This is the first in a series of interviews bringing together stakeholder perspectives on what an efficient peer review process looks like…

Updated on August 5, 2021 6:00 PM


Craig_Raybould

Craig is Chief Operations Officer at Hindawi, managing teams responsible for the full article lifecycle. We spoke with him about Hindawi’s peer review processes and people.


Straive: How have you structured your JEO – do you have in-house team members working on peer review or is it entirely outsourced?

CR: Hindawi operate a mixed structure. The outsourced JEO is separated into three groups, with the team members supplied by Straive: an editorial screening team who check submissions, editorial assistants who ensure the peer review process goes smoothly, and a quality assurance team. All three teams have rules about when they need to escalate a situation to our internal staff - that might be to the editorial team if the question is content related, operations for a process question, or the research integrity team for ethical issues. We also do regular audits to maintain oversight of the whole workflow and that helps us to catch issues as early as possible, before they become real problems.

Straive: With all the effort that goes into making sure everyone has the best training and documentation, what do you see as the main benefit of outsourced JEO?

CR: The big issue for us is the simple question of scale. We anticipate having around 300 outsourced JEO staff by the end of 2021, which is just impractical for us to have in-house. It's not just the question of cost, though obviously outsourcing is less costly than on-shore hires, but also the HR practicalities of recruitment, training, retention, etc. The other benefit of outsourcing is that we have been able to spread our teams across multiple locations worldwide, which is great risk mitigation as well as allowing us to provide researchers with service pretty much around the clock.

Straive: You mention risk mitigation. What are the biggest challenges Hindawi is facing with peer review?

CR: Much like other publishers, avoiding backlogs by making sure that peer review is quick and efficient is always a challenge. Particularly where we rely on volunteer editors and reviewers, there's often a need to extend deadlines or manage nonresponses to messaging, both of which can create delays. Extending our pool of peer reviewers is a key part of efficiency, and we've chosen to work with Publons to help us do that.

Straive: Do you think there is a bigger role for technology in peer review, and is Hindawi planning to invest in it?

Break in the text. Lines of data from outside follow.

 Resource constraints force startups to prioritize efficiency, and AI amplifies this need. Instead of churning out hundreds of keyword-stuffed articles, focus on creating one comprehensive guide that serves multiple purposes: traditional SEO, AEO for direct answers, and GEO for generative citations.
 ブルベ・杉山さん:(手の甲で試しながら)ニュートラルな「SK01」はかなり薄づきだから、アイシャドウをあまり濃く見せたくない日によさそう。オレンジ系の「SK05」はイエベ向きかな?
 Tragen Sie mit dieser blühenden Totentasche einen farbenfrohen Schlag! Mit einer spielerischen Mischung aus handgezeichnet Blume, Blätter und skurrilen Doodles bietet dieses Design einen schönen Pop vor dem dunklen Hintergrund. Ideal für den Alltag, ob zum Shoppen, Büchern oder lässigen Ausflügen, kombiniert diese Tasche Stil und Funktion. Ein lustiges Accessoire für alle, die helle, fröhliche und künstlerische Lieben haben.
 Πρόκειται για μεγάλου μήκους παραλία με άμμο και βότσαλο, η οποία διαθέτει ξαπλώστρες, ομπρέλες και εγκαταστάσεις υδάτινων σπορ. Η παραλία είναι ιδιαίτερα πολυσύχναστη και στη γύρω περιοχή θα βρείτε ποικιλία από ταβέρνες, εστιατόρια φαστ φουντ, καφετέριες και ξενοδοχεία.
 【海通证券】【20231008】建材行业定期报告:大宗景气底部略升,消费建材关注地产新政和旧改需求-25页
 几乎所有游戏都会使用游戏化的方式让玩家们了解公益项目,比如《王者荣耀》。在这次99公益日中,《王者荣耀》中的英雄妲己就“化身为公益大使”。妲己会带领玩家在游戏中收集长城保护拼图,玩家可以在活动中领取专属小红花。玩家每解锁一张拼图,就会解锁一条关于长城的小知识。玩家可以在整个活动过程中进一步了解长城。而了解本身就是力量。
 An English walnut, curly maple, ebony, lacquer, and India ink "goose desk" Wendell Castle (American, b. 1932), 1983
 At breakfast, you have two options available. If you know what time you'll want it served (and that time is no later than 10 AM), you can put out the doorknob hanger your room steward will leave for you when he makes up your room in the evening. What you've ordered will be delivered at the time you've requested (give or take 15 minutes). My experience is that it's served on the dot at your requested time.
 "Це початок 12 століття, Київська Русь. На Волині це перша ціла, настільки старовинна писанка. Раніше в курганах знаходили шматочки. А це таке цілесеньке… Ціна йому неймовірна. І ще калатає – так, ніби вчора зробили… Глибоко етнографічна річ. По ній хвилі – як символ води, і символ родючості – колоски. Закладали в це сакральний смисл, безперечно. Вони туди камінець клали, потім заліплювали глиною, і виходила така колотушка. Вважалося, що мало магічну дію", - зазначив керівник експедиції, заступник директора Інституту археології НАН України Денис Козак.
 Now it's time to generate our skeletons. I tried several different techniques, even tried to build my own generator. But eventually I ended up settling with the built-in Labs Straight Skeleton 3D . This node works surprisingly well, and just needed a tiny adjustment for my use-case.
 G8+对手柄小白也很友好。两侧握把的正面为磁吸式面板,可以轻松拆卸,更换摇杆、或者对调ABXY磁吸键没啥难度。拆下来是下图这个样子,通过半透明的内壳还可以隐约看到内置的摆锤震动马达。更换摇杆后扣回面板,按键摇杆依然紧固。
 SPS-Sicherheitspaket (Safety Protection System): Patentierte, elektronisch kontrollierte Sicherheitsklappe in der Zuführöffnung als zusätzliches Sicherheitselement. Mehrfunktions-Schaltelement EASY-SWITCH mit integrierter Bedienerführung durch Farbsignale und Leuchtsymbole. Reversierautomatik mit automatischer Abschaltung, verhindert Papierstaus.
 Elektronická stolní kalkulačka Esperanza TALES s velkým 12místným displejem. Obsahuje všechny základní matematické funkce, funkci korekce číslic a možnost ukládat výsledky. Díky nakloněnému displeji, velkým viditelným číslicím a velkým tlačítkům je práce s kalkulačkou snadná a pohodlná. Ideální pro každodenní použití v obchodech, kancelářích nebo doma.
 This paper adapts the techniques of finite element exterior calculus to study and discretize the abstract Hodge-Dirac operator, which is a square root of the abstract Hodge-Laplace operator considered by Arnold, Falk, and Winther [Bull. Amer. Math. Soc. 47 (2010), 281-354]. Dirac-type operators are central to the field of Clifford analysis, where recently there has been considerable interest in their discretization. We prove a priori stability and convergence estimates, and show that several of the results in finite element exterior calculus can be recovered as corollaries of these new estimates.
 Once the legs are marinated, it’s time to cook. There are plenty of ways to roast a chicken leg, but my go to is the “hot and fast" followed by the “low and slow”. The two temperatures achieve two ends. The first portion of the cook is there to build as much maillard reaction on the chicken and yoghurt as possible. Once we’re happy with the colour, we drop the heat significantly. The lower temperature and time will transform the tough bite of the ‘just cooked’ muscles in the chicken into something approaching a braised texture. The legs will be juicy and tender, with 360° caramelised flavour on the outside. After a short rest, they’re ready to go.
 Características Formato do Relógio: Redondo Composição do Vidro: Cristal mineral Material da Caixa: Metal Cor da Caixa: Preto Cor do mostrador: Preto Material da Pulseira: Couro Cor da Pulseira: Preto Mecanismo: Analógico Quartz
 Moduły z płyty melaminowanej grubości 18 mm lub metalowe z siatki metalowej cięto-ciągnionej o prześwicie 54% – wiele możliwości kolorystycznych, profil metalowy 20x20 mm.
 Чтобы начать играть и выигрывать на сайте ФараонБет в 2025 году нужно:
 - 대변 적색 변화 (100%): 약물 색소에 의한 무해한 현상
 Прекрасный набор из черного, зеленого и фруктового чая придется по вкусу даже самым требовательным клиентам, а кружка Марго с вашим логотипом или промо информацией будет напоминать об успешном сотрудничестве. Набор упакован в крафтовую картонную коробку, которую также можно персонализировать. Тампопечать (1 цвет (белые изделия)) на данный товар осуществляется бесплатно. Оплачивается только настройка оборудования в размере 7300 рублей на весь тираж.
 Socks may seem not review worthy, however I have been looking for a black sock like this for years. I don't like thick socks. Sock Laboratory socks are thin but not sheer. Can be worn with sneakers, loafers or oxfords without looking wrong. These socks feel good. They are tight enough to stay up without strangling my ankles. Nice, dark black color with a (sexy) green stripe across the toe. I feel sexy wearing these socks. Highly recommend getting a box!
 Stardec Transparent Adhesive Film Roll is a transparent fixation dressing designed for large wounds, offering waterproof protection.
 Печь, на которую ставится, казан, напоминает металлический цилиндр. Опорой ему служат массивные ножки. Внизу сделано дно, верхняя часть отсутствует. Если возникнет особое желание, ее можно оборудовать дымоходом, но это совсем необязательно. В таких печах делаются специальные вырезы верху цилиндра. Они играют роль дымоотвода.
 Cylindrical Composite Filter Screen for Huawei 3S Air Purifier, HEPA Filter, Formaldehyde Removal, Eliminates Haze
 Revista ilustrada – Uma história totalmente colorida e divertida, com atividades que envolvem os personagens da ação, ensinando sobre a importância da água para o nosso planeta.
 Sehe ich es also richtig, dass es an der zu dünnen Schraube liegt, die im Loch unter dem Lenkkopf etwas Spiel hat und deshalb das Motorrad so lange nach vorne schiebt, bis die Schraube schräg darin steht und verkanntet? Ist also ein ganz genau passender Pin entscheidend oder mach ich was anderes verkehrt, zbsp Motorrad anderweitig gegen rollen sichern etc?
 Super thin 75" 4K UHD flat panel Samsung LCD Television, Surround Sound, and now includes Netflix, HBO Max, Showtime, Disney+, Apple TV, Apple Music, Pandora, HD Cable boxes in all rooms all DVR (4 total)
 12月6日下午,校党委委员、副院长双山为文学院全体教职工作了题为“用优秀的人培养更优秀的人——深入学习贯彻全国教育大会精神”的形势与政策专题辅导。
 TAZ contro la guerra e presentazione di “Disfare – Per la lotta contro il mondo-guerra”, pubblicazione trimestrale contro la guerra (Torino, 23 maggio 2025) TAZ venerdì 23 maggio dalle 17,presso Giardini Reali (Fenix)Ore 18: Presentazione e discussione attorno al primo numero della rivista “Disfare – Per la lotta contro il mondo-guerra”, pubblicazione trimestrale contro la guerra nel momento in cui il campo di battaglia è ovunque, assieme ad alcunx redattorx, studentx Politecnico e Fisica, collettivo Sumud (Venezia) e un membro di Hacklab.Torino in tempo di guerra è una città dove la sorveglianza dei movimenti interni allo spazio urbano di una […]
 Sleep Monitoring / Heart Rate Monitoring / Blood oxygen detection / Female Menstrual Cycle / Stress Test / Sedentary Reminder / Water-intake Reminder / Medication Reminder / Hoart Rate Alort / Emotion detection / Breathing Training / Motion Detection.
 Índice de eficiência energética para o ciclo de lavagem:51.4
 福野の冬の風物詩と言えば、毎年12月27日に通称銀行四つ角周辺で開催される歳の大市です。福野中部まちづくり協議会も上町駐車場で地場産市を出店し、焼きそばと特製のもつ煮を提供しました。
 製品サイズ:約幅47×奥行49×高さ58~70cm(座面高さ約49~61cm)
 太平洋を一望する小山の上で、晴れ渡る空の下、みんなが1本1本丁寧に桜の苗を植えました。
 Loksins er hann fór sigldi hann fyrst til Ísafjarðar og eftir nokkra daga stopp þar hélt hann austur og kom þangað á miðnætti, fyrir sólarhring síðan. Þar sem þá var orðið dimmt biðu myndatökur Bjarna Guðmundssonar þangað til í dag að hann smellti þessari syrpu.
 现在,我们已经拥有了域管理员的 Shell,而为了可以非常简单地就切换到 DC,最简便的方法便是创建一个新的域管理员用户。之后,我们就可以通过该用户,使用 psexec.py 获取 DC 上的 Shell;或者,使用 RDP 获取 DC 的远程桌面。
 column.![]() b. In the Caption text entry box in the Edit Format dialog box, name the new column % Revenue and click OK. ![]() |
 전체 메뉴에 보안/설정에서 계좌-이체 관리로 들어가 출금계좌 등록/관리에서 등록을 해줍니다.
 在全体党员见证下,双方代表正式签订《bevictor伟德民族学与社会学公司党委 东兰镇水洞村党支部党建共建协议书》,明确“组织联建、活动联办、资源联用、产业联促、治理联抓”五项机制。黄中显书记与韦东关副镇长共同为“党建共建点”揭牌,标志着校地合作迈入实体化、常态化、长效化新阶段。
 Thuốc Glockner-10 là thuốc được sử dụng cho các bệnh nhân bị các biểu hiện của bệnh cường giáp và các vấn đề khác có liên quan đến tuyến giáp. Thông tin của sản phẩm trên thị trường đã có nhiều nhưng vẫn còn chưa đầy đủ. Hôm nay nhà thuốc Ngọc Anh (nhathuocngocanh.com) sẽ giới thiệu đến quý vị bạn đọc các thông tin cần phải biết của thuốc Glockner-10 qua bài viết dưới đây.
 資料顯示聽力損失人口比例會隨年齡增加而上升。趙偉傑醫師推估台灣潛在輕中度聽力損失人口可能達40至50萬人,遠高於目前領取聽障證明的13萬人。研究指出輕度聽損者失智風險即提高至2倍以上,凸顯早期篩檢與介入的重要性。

CR: Yes, we are heavily investing in the Phenom publishing tool suite, which includes peer review. We have around 40 staff members in a development team working on it, and our goal is to automate as much of the peer review process as possible to reduce editor and reviewer workload. For example, we have automated the technical checks that happen at submission. There are hundreds of features on our roadmap and wishlist, so we are also assessing third party tools that have the potential to be integrated with Phenom. The major challenge with some of the tools is not developing or integrating them, but training editors to interpret the reports the tools produce and make full use of their capabilities.

Straive: The pressure to grow market share and the desire among some journals to attract media attention for articles making big claims has led to some research integrity issues over the years. How would you like to see publishers address questions of research integrity, either during peer review or after publication?

CR: We have a dedicated research integrity team of six in-house staff, backed up with a team at Straive. The outsourced group help by undertaking the background investigation, pulling up email trails and so on, while the in-house team are responsible for decision making in integrity cases. Hindawi takes a really proactive approach to identifying research integrity issues as early as possible in the process, and ideally during the post-submission screening. One safeguard is that whenever an editor wants to accept an article for publication, the acceptance message will not be sent to the authors until after the JEO has checked the article and peer review process complies with our standards.

Many of the research integrity issues we come across are related to plagiarism. That might be identified at submission, but we do a second plagiarism check before acceptance, to pick up cases where authors have plagiarised a recently published article that wouldn't have been available for us to check at submission. It's not common, but it does happen.

A really difficult part of research integrity issues relates to the thresholds for what is deemed 'offensive'. Different editors have different ways of defining offense and there are limited mechanisms for picking this up automatically.

Straive: Do you think editors or JEO should edit reviewer reports when they contain offensive language?

CR: We do ask the JEO and our editors to edit reports if they find offensive language (e.g. swearing). In those cases we will simply remove the text, and escalate the changes to the in-house editorial team to review before the report is shared with the author.

Straive: Finally, as an OA publisher what is your take on the varieties of open peer review?

CR: Hindawi are an Open Access publishing house so we're all about transparency, but our peer review is single anonymised at the moment, and we don't publish reports or reviewer names. We are investigating non-anonymised review and other aspects of open review, but adoption will be very dependent on what researchers in different disciplines want us to do. Having said that, we do address a lot of other aspects of openness, like open data, funding statements, etc. The focus has been on opening up content, so peer review is a next step.